GIVEN INFORMATION:
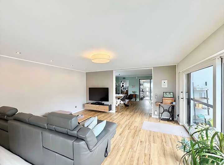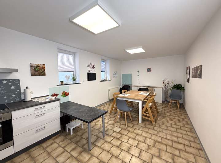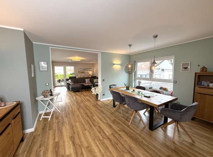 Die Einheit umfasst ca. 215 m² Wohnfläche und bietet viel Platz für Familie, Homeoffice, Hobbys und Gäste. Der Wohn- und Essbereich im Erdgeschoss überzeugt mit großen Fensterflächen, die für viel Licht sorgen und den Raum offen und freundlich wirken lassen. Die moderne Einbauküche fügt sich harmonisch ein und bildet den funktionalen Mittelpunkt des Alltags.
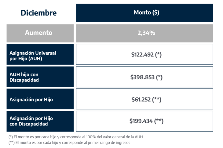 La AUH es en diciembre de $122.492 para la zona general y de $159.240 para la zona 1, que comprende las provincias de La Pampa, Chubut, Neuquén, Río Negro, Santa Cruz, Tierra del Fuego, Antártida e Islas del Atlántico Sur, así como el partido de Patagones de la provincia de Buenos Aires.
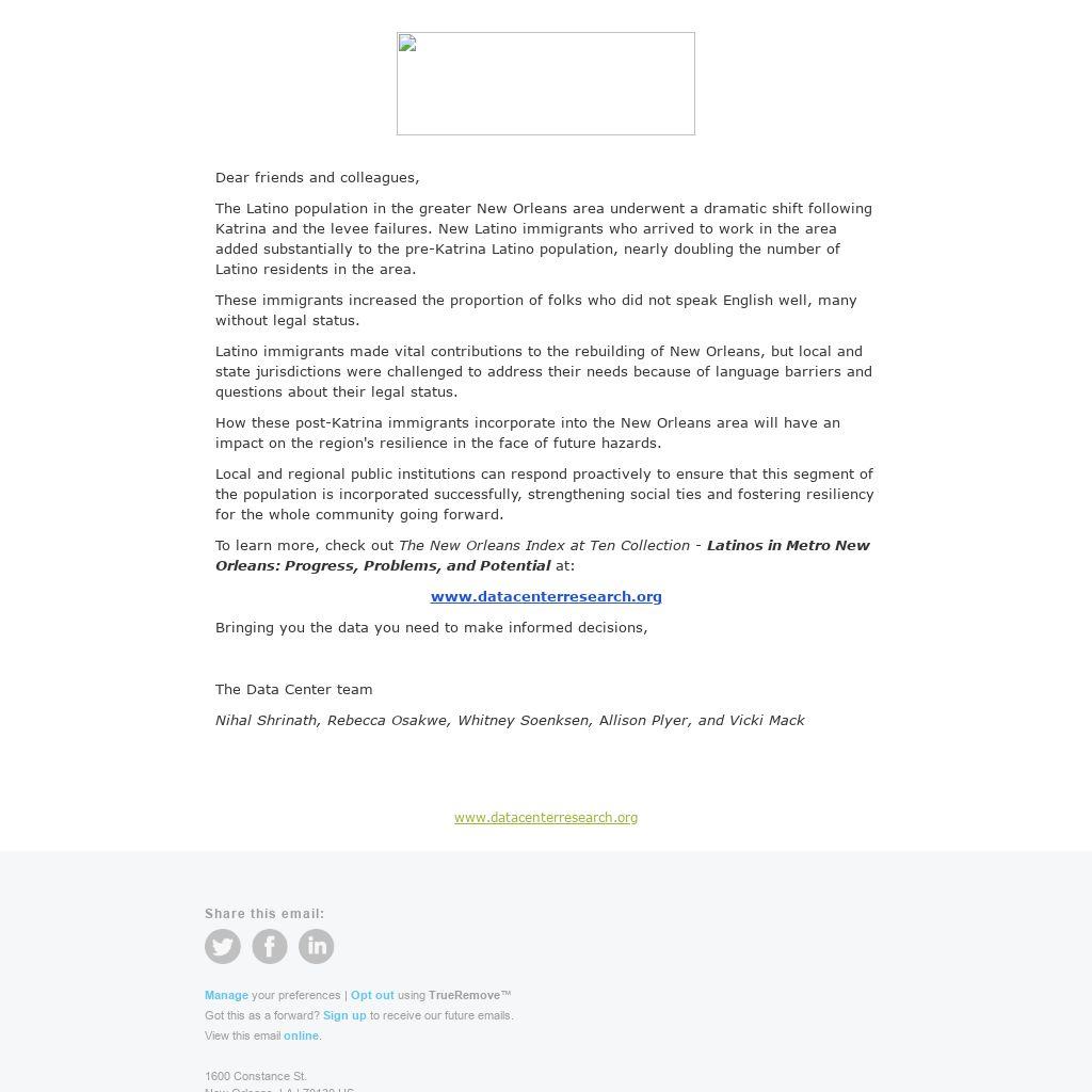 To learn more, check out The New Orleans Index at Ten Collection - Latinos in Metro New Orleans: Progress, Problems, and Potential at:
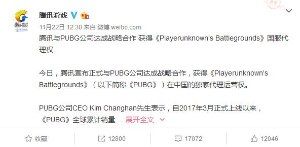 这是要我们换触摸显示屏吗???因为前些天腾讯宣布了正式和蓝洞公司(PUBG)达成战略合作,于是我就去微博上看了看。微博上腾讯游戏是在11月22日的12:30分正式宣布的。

WHAT IS REQUIRED: Your job is to restate, word for word, only the lines from the one holding "To learn more, check" through the end of the material; pictures stay out.

ANSWER TO THE PROBLEM:
 To learn more, check out The New Orleans Index at Ten Collection - Latinos in Metro New Orleans: Progress, Problems, and Potential at:
 这是要我们换触摸显示屏吗???因为前些天腾讯宣布了正式和蓝洞公司(PUBG)达成战略合作,于是我就去微博上看了看。微博上腾讯游戏是在11月22日的12:30分正式宣布的。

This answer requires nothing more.